Add ESP partition scanning in look for grubx64.efi or shimx64.efi or Windows bootmgr #94

Closed miczyg1 closed 10 months ago

miczyg1 commented 2 years ago

The problem you're addressing (if any) Some Linux distros do not leave BOOTX64.EFI or BOOTIA32.EFI file on the ESP which causes the driver to be undetected by UEFI payload. The UEFI specification defines that there must be \EFI\BOOT\BOOTX64.EFI or \EFI\BOOT\BOOTIA32.EFI file present on the ESP partition. Otherwise the media is not detected as bootable by EDK2 UEFIPayload. Ubuntu on the other hand leaves a BOOTX64.EFI file so the drive is always detected and when the file is executed, a new boot menu entry is automatically added for Ubuntu. This is how they solved the problem.

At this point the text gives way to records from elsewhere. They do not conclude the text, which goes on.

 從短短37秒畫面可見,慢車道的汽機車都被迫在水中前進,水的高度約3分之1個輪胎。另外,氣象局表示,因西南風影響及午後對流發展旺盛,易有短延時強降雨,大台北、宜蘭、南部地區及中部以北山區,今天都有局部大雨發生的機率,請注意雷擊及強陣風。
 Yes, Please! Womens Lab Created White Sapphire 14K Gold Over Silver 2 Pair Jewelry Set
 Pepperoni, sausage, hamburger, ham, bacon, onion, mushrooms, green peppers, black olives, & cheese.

Describe the solution you'd like Dasharo UEFIPayload could scan for grubx64.efi or shimx64.efi in the ESP partition and add a boot entry automatically to show the system installed on a drive on the boot menu list. This can happen when the UEFI variables are wiped out or when migrating from MSI firmware to Dasharo. Similar solution can be applied to Windows Boot Manager.

Requirements:

  1. Firmware shall check the presence of the following files and create boot menu entries with names given after the dash - (<disk_name> is a human readable disk model which normally would be shown in boot menu when \EFI\BOOT\BOOTX64.EFI is present):
\EFI\Microsoft\Boot\bootmgfw.efi - Windows Boot Manager (on <disk_name>)
\EFI\Suse\elilo.efi - Suse Boot Manager (on <disk_name>)
\EFI\Ubuntu\grubx64.efi Ubuntu (on <disk_name>)
\EFI\Ubuntu\shimx64.efi - Ubuntu (on <disk_name>)
\EFI\Redhat\elilo.efi - RedHat Boot Manager (on <disk_name>)
\EFI\Redhat\grubx64.efi - RedHat (on <disk_name>)
\EFI\Redhat\shimx64.efi - RedHat (on <disk_name>)
\EFI\Fedora\shimx64.efi - Fedora (on <disk_name>)
\EFI\Fedora\grub64.efi - Fedora (on <disk_name>)
\EFI\Centos\shimx64.efi - CentOS (on <disk_name>)
\EFI\Centos\grubx64.efi - CentOS (on <disk_name>)
\EFI\opensuse\grubx64.efi - OpenSuse (on <disk_name>)
\EFI\debian\grubx64.efi - Debian (on <disk_name>)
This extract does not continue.